- [WHAT IS REQUIRED] Would you return every entry below exactly as written, without its images?

- [Stored dataset items]
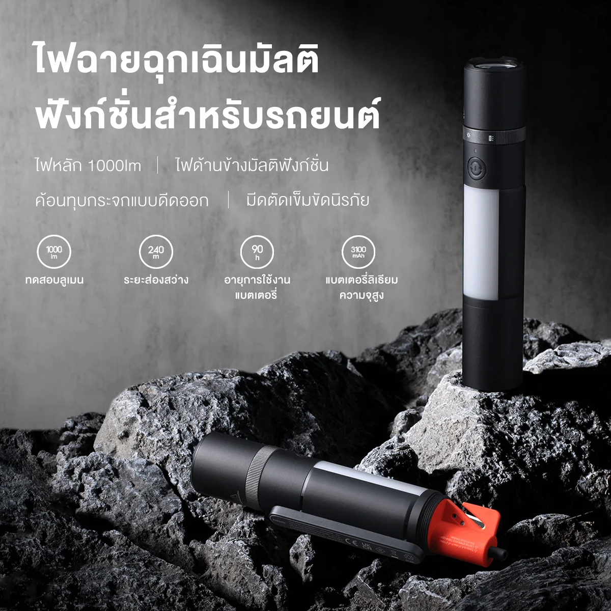 ไฟดวงหลัก 1000lm* | ไฟข้างอเนกประสงค์
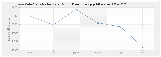 La population de Tronville-en-Barrois était de 1 658 habitants en 2007, 2 036 habitants en 1999, 2 111 habitants en 1990, 2 364 habitants en 1982, 2 071 habitants en 1975 et 2 229 habitants en 1968.
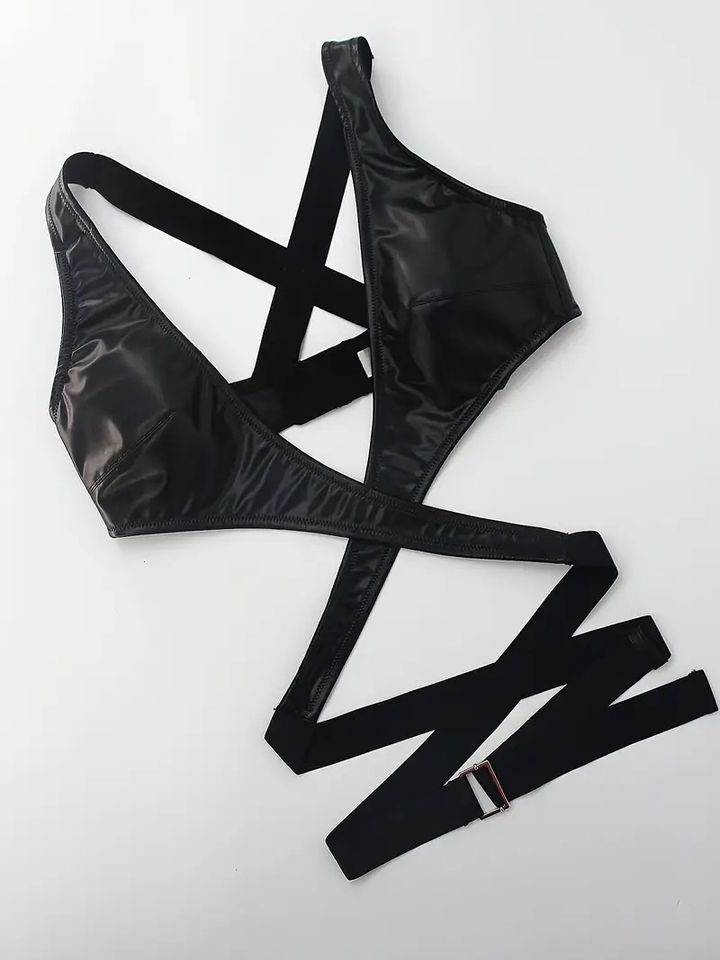 Women's Leather Waist Cinchers Corset Crisscross Backless Halter Top Sleeveless Buckle Detail Sexy Top Medium Control
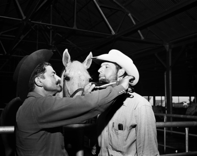 Cowboy Clipping - Louie Kosta, left, a hairdresser-turned-cowboy, reaches across Butterfly, the horse, to trim the beard of Keith Wiley, an electrician-cowboy. The men are Jaycees who traveled by mule wagon from Colorado to Texas.
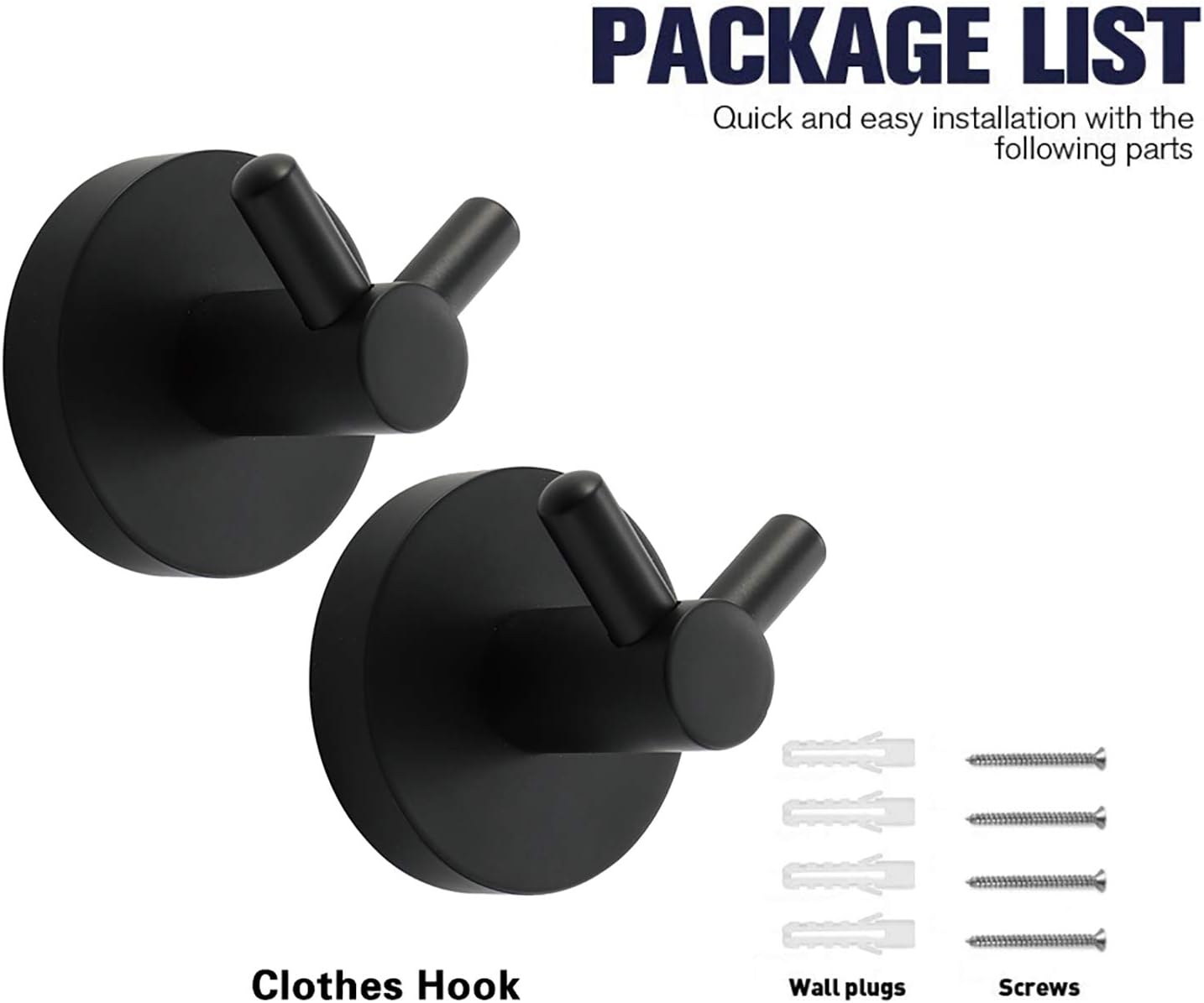 A perfect hardware to get your clutters organized and well arranged to look appealing in the eyes. Heavy duty decorative coat and hat hook it designed to turn any empty walls in your home into a great space saver. It will add charm to your home.Specifications:Product Name: Double Coat HooksStyle: ContemporaryProduct Material: 304 Stainless Steel Color: BlackMounting Type: Wall mountedMolding Process: Gravity castingInstallation Method: Screw installationMaximum Load: 5 kgPackage Includes:Coat Hooks and Mounting AccessoriesHow to Use: Place towels, clothes, hat, rags, etcSuitable: Bathroom, kitchen, bedroom, hotel entryway, laundry room, office etcPrompt:★ Since the size is measured manually, there is a 1-3 mm error. Please refer to the actual product★ The picture is the actual product. However, slight chromatic aberrations may occur due to different lighting and display settingsWe hope you enjoy life!

- [TASK ANSWER]
 ไฟดวงหลัก 1000lm* | ไฟข้างอเนกประสงค์
 La population de Tronville-en-Barrois était de 1 658 habitants en 2007, 2 036 habitants en 1999, 2 111 habitants en 1990, 2 364 habitants en 1982, 2 071 habitants en 1975 et 2 229 habitants en 1968.
 Women's Leather Waist Cinchers Corset Crisscross Backless Halter Top Sleeveless Buckle Detail Sexy Top Medium Control
 Cowboy Clipping - Louie Kosta, left, a hairdresser-turned-cowboy, reaches across Butterfly, the horse, to trim the beard of Keith Wiley, an electrician-cowboy. The men are Jaycees who traveled by mule wagon from Colorado to Texas.
 A perfect hardware to get your clutters organized and well arranged to look appealing in the eyes. Heavy duty decorative coat and hat hook it designed to turn any empty walls in your home into a great space saver. It will add charm to your home.Specifications:Product Name: Double Coat HooksStyle: ContemporaryProduct Material: 304 Stainless Steel Color: BlackMounting Type: Wall mountedMolding Process: Gravity castingInstallation Method: Screw installationMaximum Load: 5 kgPackage Includes:Coat Hooks and Mounting AccessoriesHow to Use: Place towels, clothes, hat, rags, etcSuitable: Bathroom, kitchen, bedroom, hotel entryway, laundry room, office etcPrompt:★ Since the size is measured manually, there is a 1-3 mm error. Please refer to the actual product★ The picture is the actual product. However, slight chromatic aberrations may occur due to different lighting and display settingsWe hope you enjoy life!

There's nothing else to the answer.